** Exercise data follows **

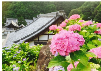
あじさいの名所・柳谷観音
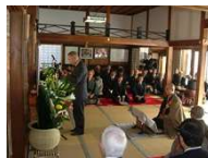
吉良義央公毎歳忌

吉良義央を顕彰する毎歳忌が90年間にわたり毎年開催され、また吉良氏ゆかりの寺院で開催される「西野町のお釈迦さん」「矢田のおかげん」は、地域の伝統行事として定着し、吉良氏ゆかりの建造物と人々の活動が一体となった吉良荘の歴史的風致を形成している。
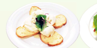
マスカルポーネのはちみつ風味
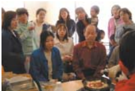
Les invités de Gunma invitent leurs familles et amis au séminaire vidéo et à la démonstration de cuisine végétarienne.
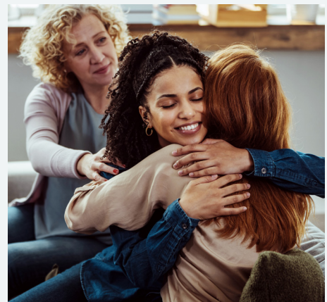
ÚNETE A UN GRUPO DE APOYO

Actividades como estas ayudan a disminuir el estrés, levantar el ánimo y a que seas la mejor cuidadora posible.

** End of Exercise data **

◆ **Exercise objective**
From the first line of the records down through the line containing "Les invités de", transcribe exactly those lines and no others, both ends kept, pictures dropped.

◆ **Problem solution**
あじさいの名所・柳谷観音
吉良義央公毎歳忌

吉良義央を顕彰する毎歳忌が90年間にわたり毎年開催され、また吉良氏ゆかりの寺院で開催される「西野町のお釈迦さん」「矢田のおかげん」は、地域の伝統行事として定着し、吉良氏ゆかりの建造物と人々の活動が一体となった吉良荘の歴史的風致を形成している。
マスカルポーネのはちみつ風味
Les invités de Gunma invitent leurs familles et amis au séminaire vidéo et à la démonstration de cuisine végétarienne.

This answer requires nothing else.